Nel frattempo Fritigerno mando' ancora un emissario con proposte di pace, nella sua continua manipolazione della situazione. Il ritardo risultante mostrava il logoramento subito dai romani. Le risorse dell'esercito furono ancora diminuite quando un attacco fuori tempo da parte degli arcieri rese necessario richiamare l'emissario di Valente, il comes Ricomere. Gli arcieri furono battuti e si ritirarono.

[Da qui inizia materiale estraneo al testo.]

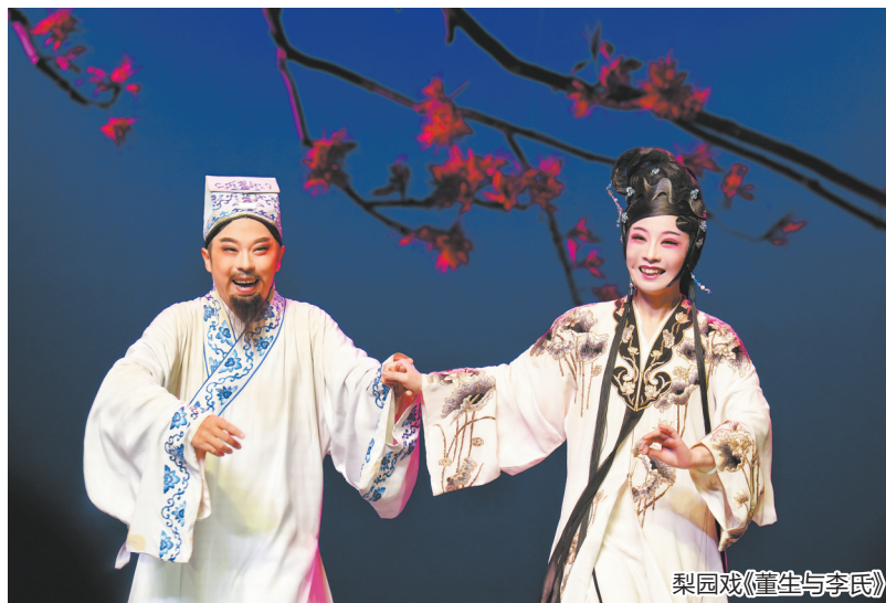
梨园戏《董生与李氏》

梨园戏《董生与李氏》自1993年首演以来,已累计演出超600场,足迹遍布全国并走向世界。在欧洲巡演期间,该剧凭借深厚的文化底蕴与精湛的艺术呈现,被国际专家盛赞为“达到喜马拉雅山脉高度的世界经典剧作之一”。这部由已故剧作家王仁
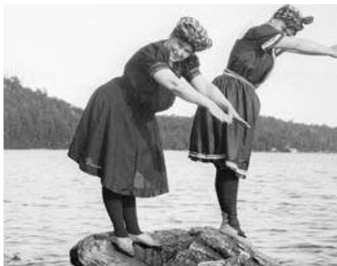
لباس شنا در حدود ۱۲۸۰

چهاردهم تیر ماه از نظر فرهنگ عامه و سبک زندگی هم روز مهمی است. نشانه‌اش آن که در ۱۳۲۵ اولین بیکنی به بازار عرضه شد، در ۱۳۳۳ بی بی سی اولین بولتن خبری‌اش را از تلویزیون پخش کرد، و در "That's All Right" را ضبط کرد. در ۱۳۹۱ هم برج شاردر لندن با ۳۱۰ متر بلندا افتتاح شد و مرتفع‌ترین ساختمان اروپا شد.
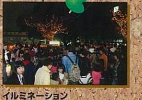
イルミネーション
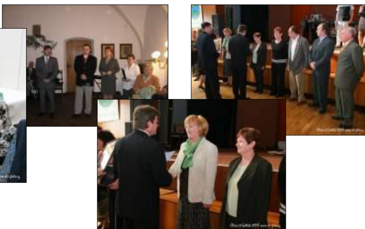
Den učitelů 27.3.2007
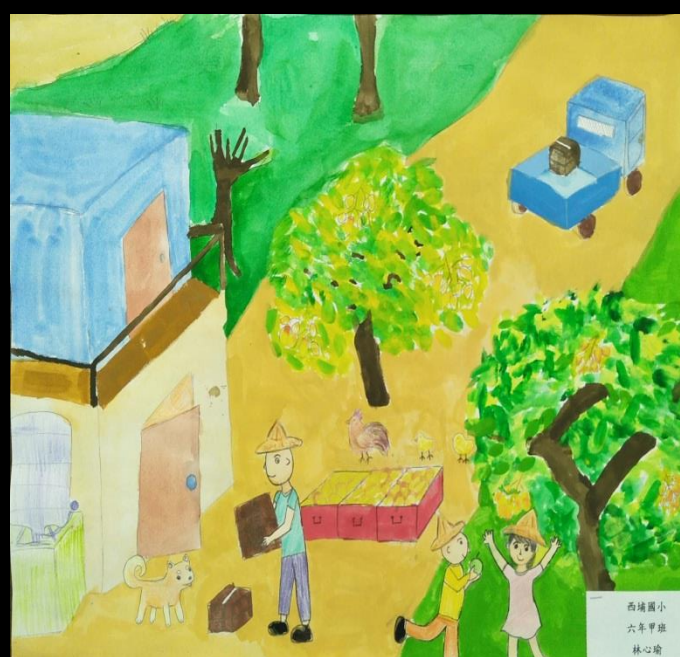
西埔國小 六年甲班 林心瑜
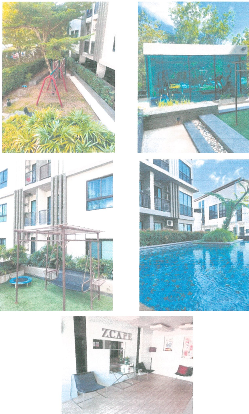
รูปภาพที่ 1.3 การใช้พื้นที่อาคาร
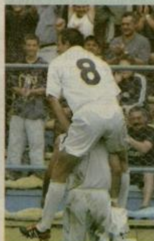
ORKAN ZA MAKEDONCE Stran 14
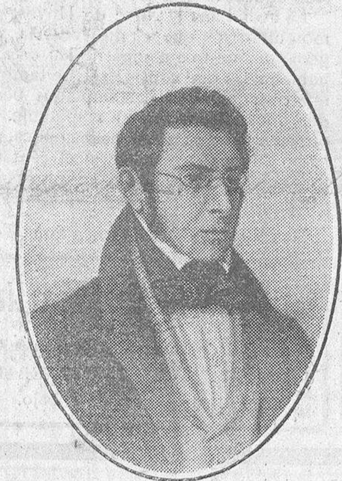
Retrato de don Manuel Bretón de los Herreros, hecho por Federico de Madrazo en 1835 y grabado por Bartolomé Maura en 1883, fecha de la primera edición de las obras completas.

Pero no es solamente dramaturgo el escritor riojano que se recuerda estos días. Es también poeta, periodista y político. Como poeta, compone sátiras morales, algunas tan conocidas como las tituladas «Contra la hipocresía», «El carna-
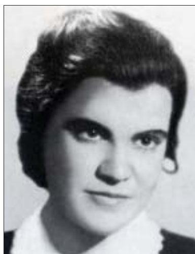
Алий ипхъу Чытаун
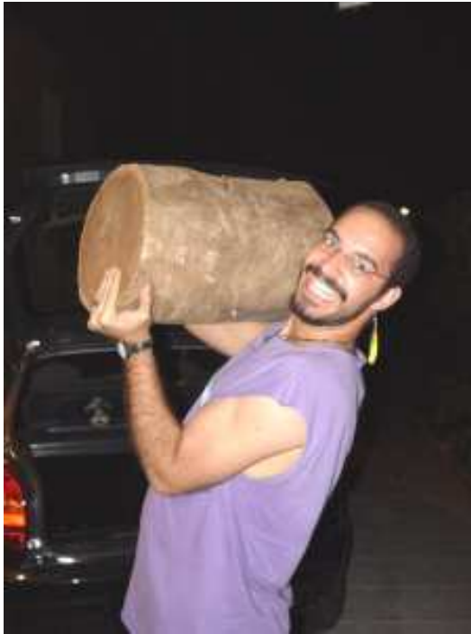
Fig 12 – Tava pesadinho.

Ainda sobrou pique para voltarmos em cada uma das cenas do crime e tirarmos fotos para poder escrever este artigo que, se não ajudar alguém a conseguir tocos para armoria, espero que tenha ao menos o divertido.
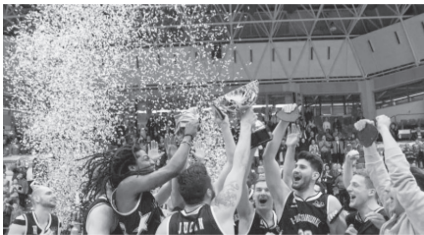
Így ünnepelték a Kolozsvári U játékosai a sikert.

Maros KK: Reed 17 pont, Đapa 14 (3), Martinić 11 (3), Lázár 11, Kalve 9 (1), Ștefan 8 (2), Sánta 6, Borșa 2, D. Popescu, Marković, Cioacă.
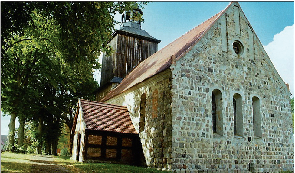
Hardenbeck 1250 Feldsteinbau, Eitel Knitter

27.02. Ausgebessertes Militärschuhwerk ist ohne Bezugschein erhältlich.
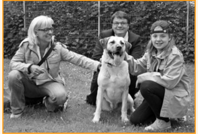
Familie Tombeil übernimmt für Pamuk eine Patenschaft, sie ist noch immer im Tierheim!
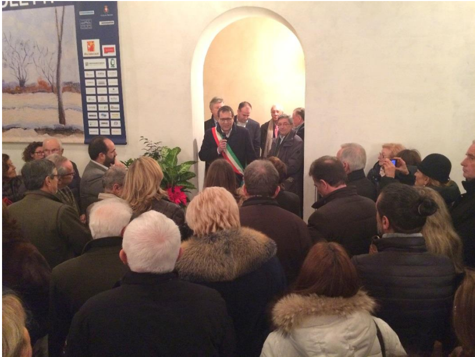
Intervento del Sindaco

www.associazioneeventiartisticitreviso.com
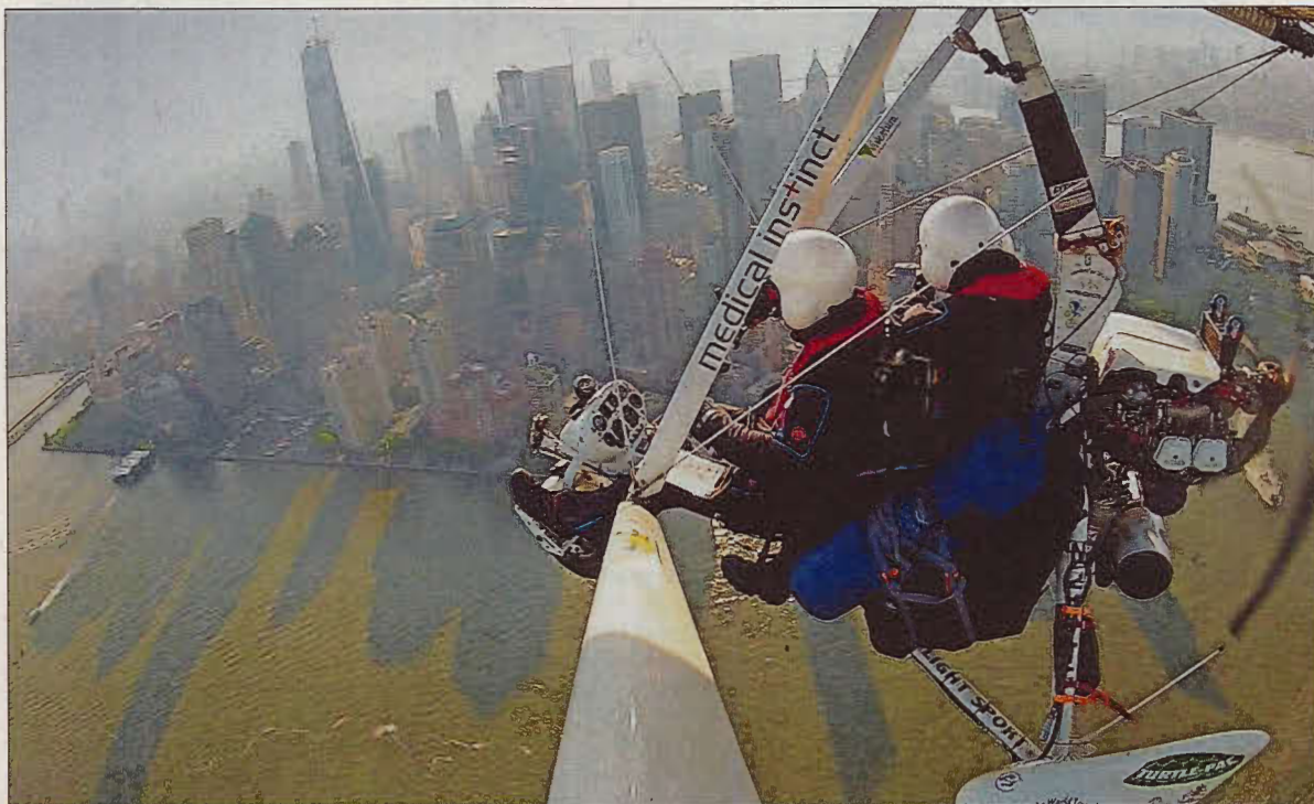
Über New York: ein Höhepunkt für die beiden Weltreisenden.
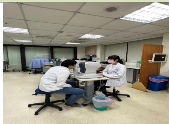
拍照日期：111 年 11 月 03 日照片 說明：光田綜合醫院(實習指導)
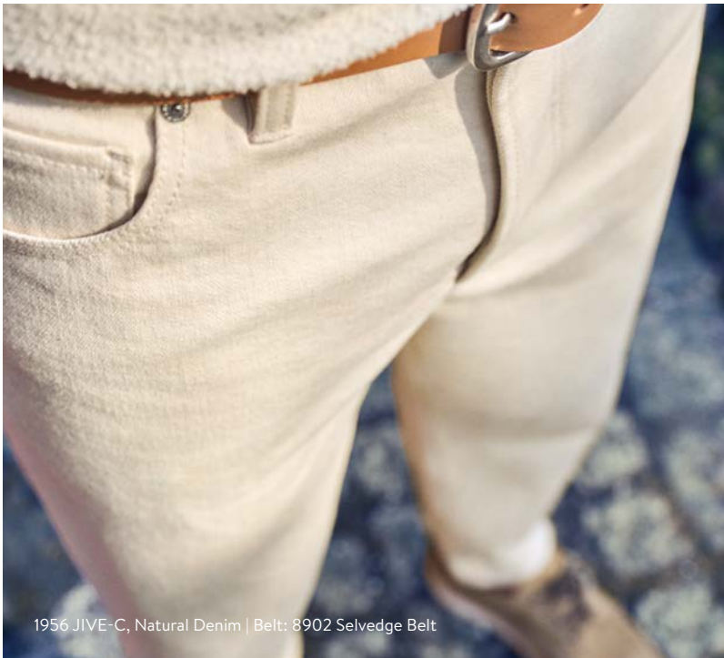
1956 JIVE-C, Natural Denim | Belt: 8902 Selvedge Belt

Quindi la cavalleria dei goti colpi' sotto il comando di Alteo e Safrace, e la cavalleria romana dovette soccombere, in quello che fu probabilmente l'evento decisivo della battaglia. La fanteria, abbandonata a se' stessa, fu circondata e fatta a pezzi. Valente fu ferito e venne trasportato alla sua tenda. I goti la circondarono e la misero a fuoco, ignari del suo prezioso ospite; secondo Ammiano Marcellino questa fu la fine dell'imperatore. Alla fine della battaglia, i due terzi dell'armata imperiale era stata uccisa. Erano morti anche molti degli ufficiali; cio' che rimaneva dell'esercito fu condotto via nottetempo dal comes Ricomere e dal generale Vittore.

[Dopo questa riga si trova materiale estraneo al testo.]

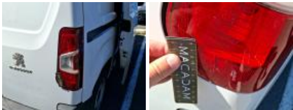
Porte de malle AR G, Bosse(s) et griffe(s), LI - Réparer et peindre (complet)
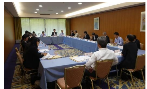
ラウンドテーブル
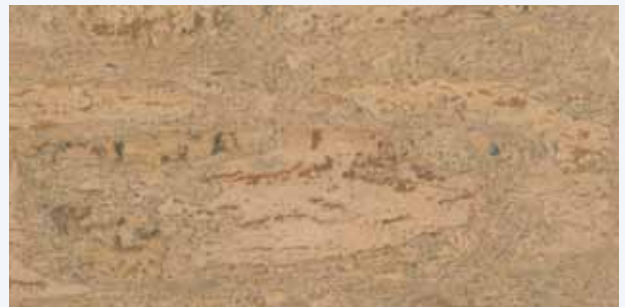
Malaga sand, Leiste L-33c
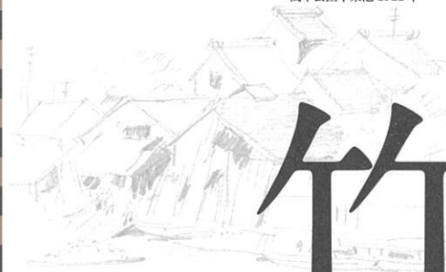
浅草公園千束池 1911年
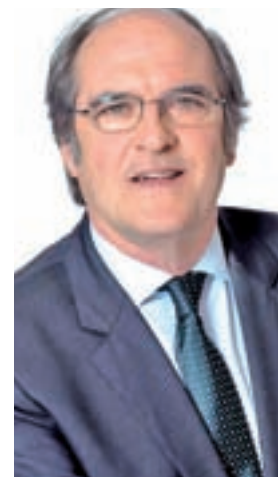
Ángel Gabilondo PSOE
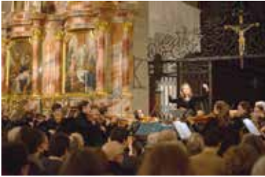
Am zweiten Luzerner Singalong am 30. Dezember 2014.
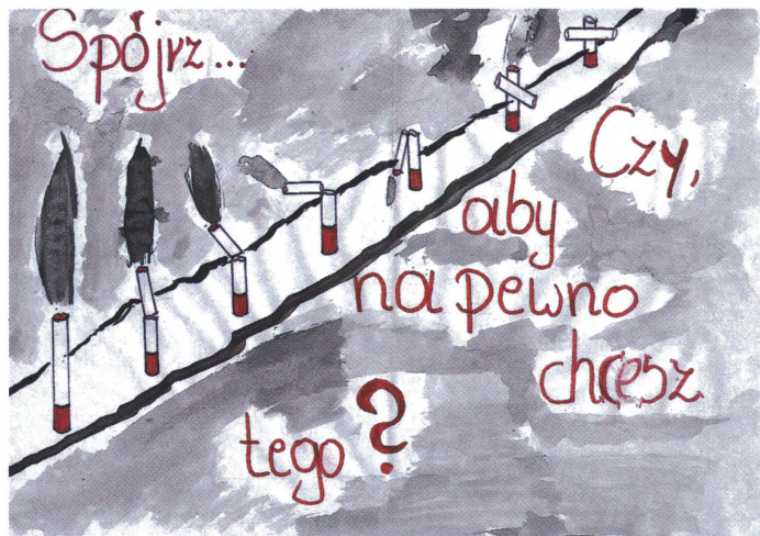
Dorota Grecka, SP Nr 2

Nagrody dla zwycięzców i wyróżnionych ufundowali:
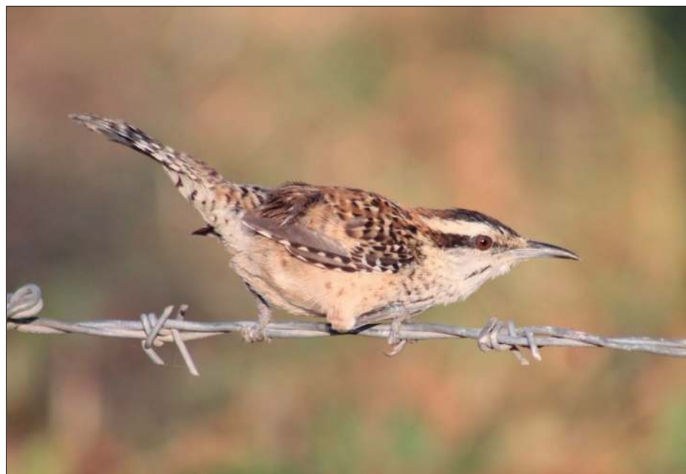
▲ Se encuentra en bosques secos tropicales, sabanas y áreas modificadas de Veracruz, desde el nivel del mar hasta mil 200 metros de altitud.

En su suplemento número 65, publicado en junio, la AOS hizo la recategorización de la siguiente manera: matraca veracruzana ( Campylorhynchus rufinucha ), con presencia en Veracruz; matraca nuca canela ( Campylorhynchus humilis ) distribuida desde Colima hasta el suroeste de Chiapas, y
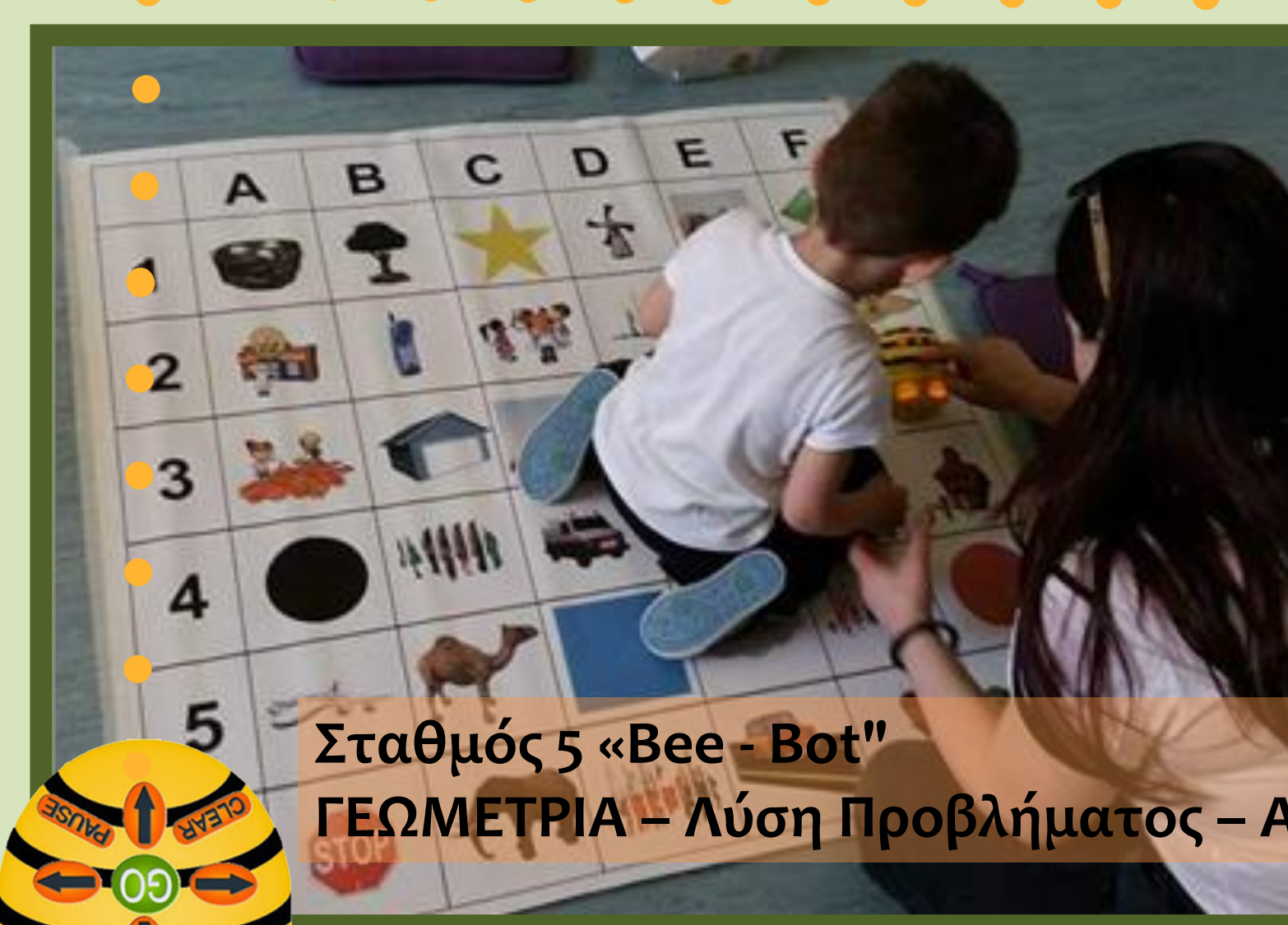
Σταθμός 5 «Bee - Bot" ΓΕΩΜΕΤΡΙΑ - Λύση Προβλήματος - Ανάπτυξη Ισχυρισμών

La battaglia fu un grave colpo per Roma: l'imperatore Graziano, diciannovenne, era sopraffatto dalla disgrazia e non fu in grado di affrontare la catastrofe che segui' finche' non nomino' Teodosio I nuovo imperatore d'oriente.

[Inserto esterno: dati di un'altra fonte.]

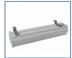
Скобы для накладного монтажа на стену Piton (комплект)
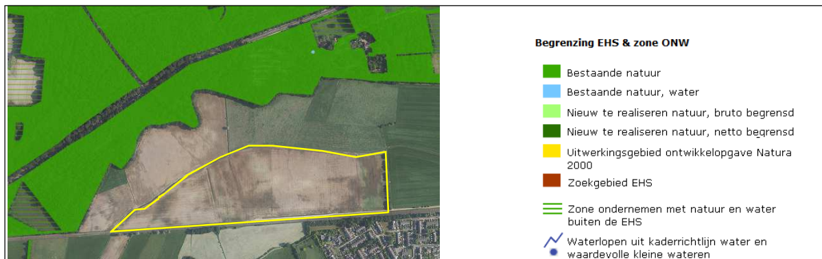
Ligging van Natuurnetwerk Nederland in de omgeving van het plangebied. De begrenzing van het plangebied wordt met de gele lijn aangeduid

Het plangebied ligt net ten zuiden van gronden die tot het Natuurnetwerk Nederland behoren. Gronden die tot het Natuurnetwerk Nederland behoren liggen op minimaal 135 meter afstand van het plangebied. Op onderstaande afbeelding wordt de ligging van het Natuurnetwerk Nederland in de omgeving van het plangebied weergegeven.
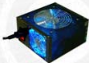
Fuente Powercooler PS-550TR
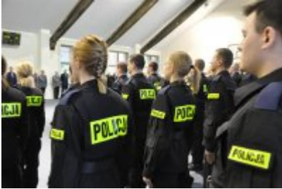
Ślubowanie policjantów 04.01.2018 #10
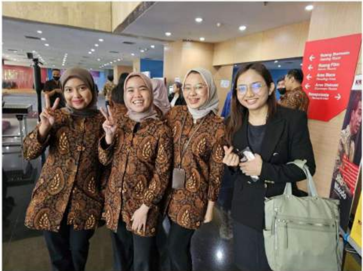
រូបថតអនុស្សាវរីយ៍ជាមួយបុគ្គលិកនៅមជ្ឈមណ្ឌលបណ្តុះបណ្តាលរបស់ KPK
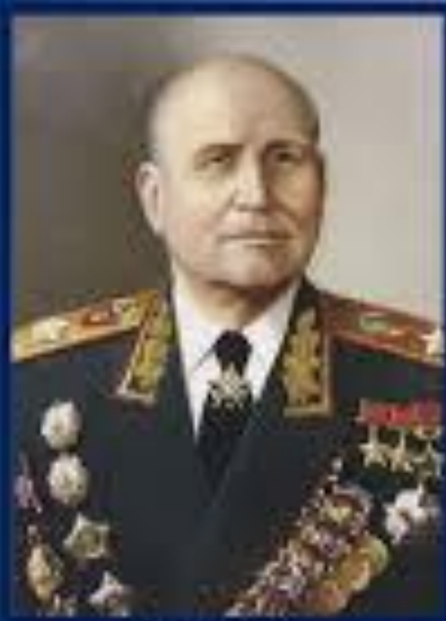
Конева Иван Степанович (1897-1973)

Важной чертой полководческого таланта является интуиция, позволяющая добиться внезапности удара. Этим редким качеством обладал Конева Иван Степанович. Его полководческий талант наиболее убедительно и ярко проявился в наступательных операциях, в ходе которых было одержано много блестящих побед. При этом он всегда стремился не ввязываться в затяжные бои в больших городах и обходными маневрами вынуждал противника покинуть город. Это позволяло ему уменьшить потери своих войск, не допустить больших разрушений и жертв среди мирного населения.

La battaglia di Adrianopoli fu l'evento piu' significativo della carriera di Valente. Essa fu molto importante anche sotto un altro aspetto: l'evoluzione della guerra. Fino a quel tempo la fanteria romana era considerata invincibile, e cio' era stato dimostrato innumerevoli volte in battaglia. Ma la cavalleria gotica cambio' completamente il modo romano di combattere: anche se mancano dati relativi al V secolo, per tutto il IV e VI secolo la cavalleria divenne il nerbo dell'esercito imperiale terrestre.
La morte, arrivata in una battaglia tanto nefasta, segno' l'apice di una carriera sfortunata. Cio' acquista particolare verita' con l'analisi degli effetti della sconfitta riportata ad Adrianopoli. Questa segno' l'inizio della fine dell'integrita' territoriale del tardo Impero, e cio' fu evidente persino ai contemporanei. Ammiano comprese che questa era la disfatta piu' grave dai tempi della battaglia di Canne, e l'ufficiale bizantino Rufino la chiamo' "l'inizio dei mali per l'Impero romano, ora e in seguito".
Come i fratelli Costanzo II e Costante I, Valente e Valentiniano avevano credo religiosi differenti: Valente era Ariano e Valentiniano adottava il Credo di Nicea. Alla morte di Valente, in ogni caso, la storia dell'arianesimo nell'oriente romano giunse alla fine: il suo successore Teodosio I avrebbe infatti imposto il credo di Nicea tramite l'editto di Tessalonica.